Он не мог рассказать ей, что с ним.
Глава пятнадцатая
Солнце взошло желтое, как лимон.
Небо было круглое и синее.
Птицы выводили журчащие трели в воздухе.
Вилл и Джим высунулись из своих окон.
Ничто не изменилось.
Кроме выражения глаз Джима.
— Ночью… — произнес Вилл. — Это было или этого не было?
Оба смотрели вдаль, где простирались луга.
Воздух был сладок, как патока. И нигде, даже под деревьями, не видно теней.
— Шесть минут! — крикнул Джим.
— Пять!
Через четыре минуты, с болтающимися в животе кукурузными хлопьями, они стирали ногами сухие листья в красную пыль, оставив за спиной город.

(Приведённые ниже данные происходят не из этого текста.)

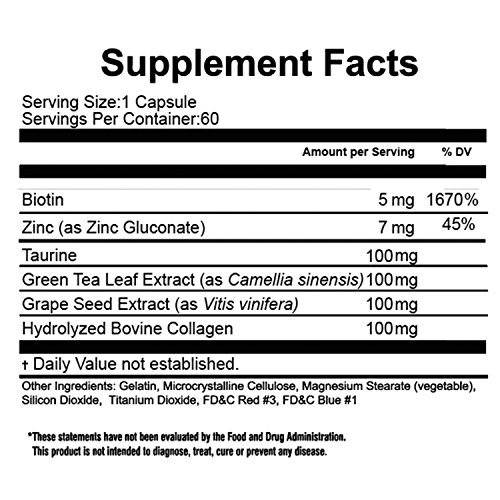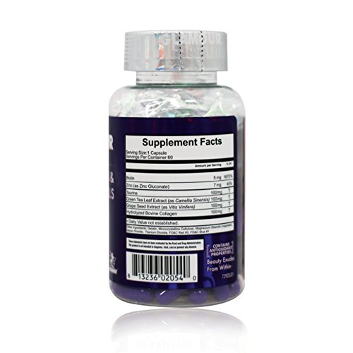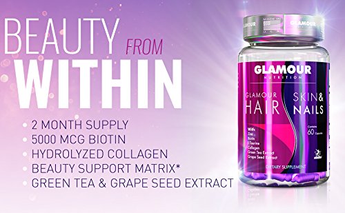 ReleaseDate : 2017-08-14 Studio : Midway Labs USA Publisher : Midway Labs USA Binding : Health and Beauty Product Description Beauty Comes from Within and with this concept in mind, GLAMOUR NUTRITION has developed the ultimate beauty support formulation: Glamour Hair, Skin Nails. Developed by Midway Labs USA scientific council, the formulation contains a powerful and strong blend of ingredients such as Biotin, Collagen, Zinc Antioxidants designed to bring out your natural beauty. Convenient and practical to take, 1 capsule a day, 2 months supply! Get ready for a more beautiful, strong and healthy you. 0

Прерывисто дыша, оторвали взгляд от земли, но которой бежали.
Луна-Парк стоял на месте.
— Ух ты…
Потому что шатры были лимонного цвета, как солнце, бронзового, точно хлебные поля несколько недель назад. Флаги и вымпелы, яркие, как синехвостки, полоскались над брезентом цвета львиной шкуры. Из будочек карамельного цвета плыли по ветру дивные субботние запахи бекона и яиц, блинов и сосисок. Всюду сновали мальчишки. Всюду за ними брели сонные отцы.
— Это же всего-навсего обыкновенный старый Луна-Парк, — заявил Вилл.